Zhu Huimin, Liu Xinchen, Wei Min, Gao Rui, Liu Xuemei, Li Xiuxiu, Liu Xuhua, Chen Weiqing
Department of Epidemiology, School of Public Health, Sun Yat-sen University, Guangzhou 510080, China.
Department of Science and Education, Shenzhen Birth Cohort Study Center, Nanshan Maternity and Child Healthcare, Shenzhen 518067, China.
Healthcare (Basel). 2024 Nov 29;12(23):2400. doi: 10.3390/healthcare12232400.
Maternal sleep disturbance is a risk factor for adverse outcomes like preterm birth. However, the association of maternal sleep quality and duration with the risk of the infant being small for gestational age (SGA) remains inconclusive, and the specific critical window of vulnerability has yet to be clearly identified. Therefore, this study aims to investigate the effect of maternal sleep quality and duration on the risk of having an SGA infant and to identify the critical window for this association.
One thousand six hundred and seventy-seven participants from the Shenzhen Birth Cohort Study were included. Maternal sleep duration and quality during pregnancy were assessed using the Pittsburgh Sleep Quality Index (PSQI) in early (<19 weeks), mid- (24-28 weeks), and late (32-38 weeks) pregnancy.

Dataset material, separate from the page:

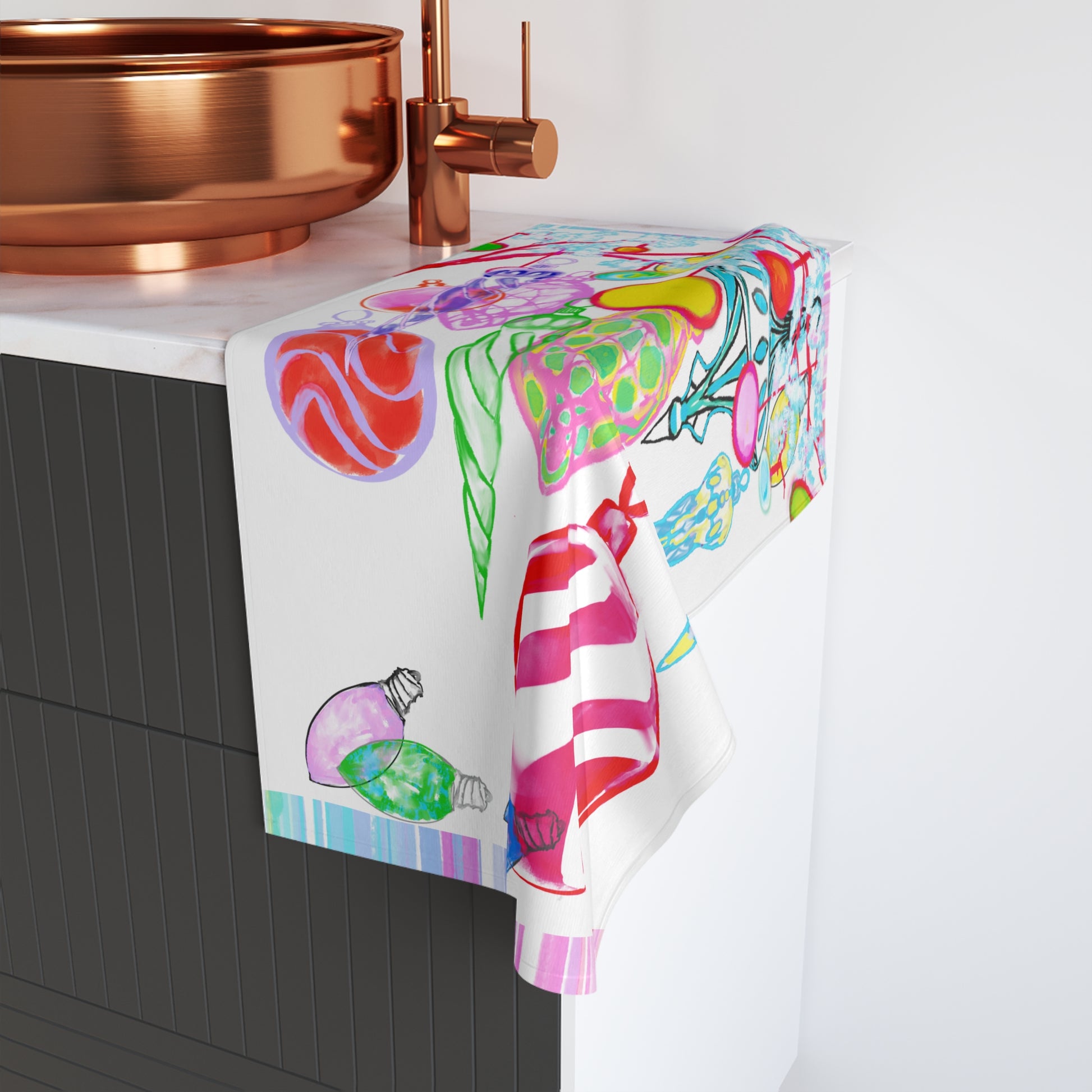 Deck your space with joy! This soft, chic hand towel features a watercolor Christmas tree branch bustling with ornaments, hand-painted by Joel Borst. Perfect for kitchens, bathrooms, or gifting—because every corner deserves a little holiday sparkle. 🎄✨

Multivariate logistic regression analyses were used to examine the association of an SGA infant with sleep duration and quality, along with their specific effects across the different pregnancy stages.
The pregnant women with short sleep duration (≤7 h/day) in the early stage of pregnancy appeared to have a higher risk of having an SGA infant (aOR = 1.93, 95% CI = 1.322.79). Additionally, poor sleep quality combined with short sleep duration was associated with an even higher risk of having an SGA infant (aOR = 2.08, 95% CI = 1.323.23). However, this association was observed only during early pregnancy.
The women with short sleep duration were associated with SGA risk, and the early stage of pregnancy might be a particularly sensitive period for this relationship. Addressing maternal sleep problems during pregnancy as part of antenatal care is crucial for reducing the likelihood of having an SGA infant and improving the overall birth outcomes.
孕产妇睡眠障碍是早产等不良结局的一个风险因素。然而,孕产妇睡眠质量和时长与小于胎龄儿(SGA)风险之间的关联仍无定论,且尚未明确确定具体的关键易损期。因此,本研究旨在探讨孕产妇睡眠质量和时长对生出SGA婴儿风险的影响,并确定这种关联的关键时期。
纳入了来自深圳出生队列研究的1677名参与者。在孕早期(<19周)、孕中期(24 - 28周)和孕晚期(32 - 38周),使用匹兹堡睡眠质量指数(PSQI)评估孕期的孕产妇睡眠时长和质量。采用多因素逻辑回归分析来检验SGA婴儿与睡眠时长和质量的关联,以及它们在不同孕期阶段的具体影响。
孕早期睡眠时长较短(≤7小时/天)的孕妇生出SGA婴儿的风险似乎更高(调整后比值比[aOR]=1.93,95%置信区间[CI]=1.322.79)。此外,睡眠质量差且睡眠时长较短与生出SGA婴儿的风险更高相关(aOR = 2.08,95% CI = 1.323.23)。然而,这种关联仅在孕早期观察到。
睡眠时长较短的女性与SGA风险相关,孕早期可能是这种关系的一个特别敏感时期。在孕期将解决孕产妇睡眠问题作为产前护理的一部分,对于降低生出SGA婴儿的可能性和改善总体出生结局至关重要。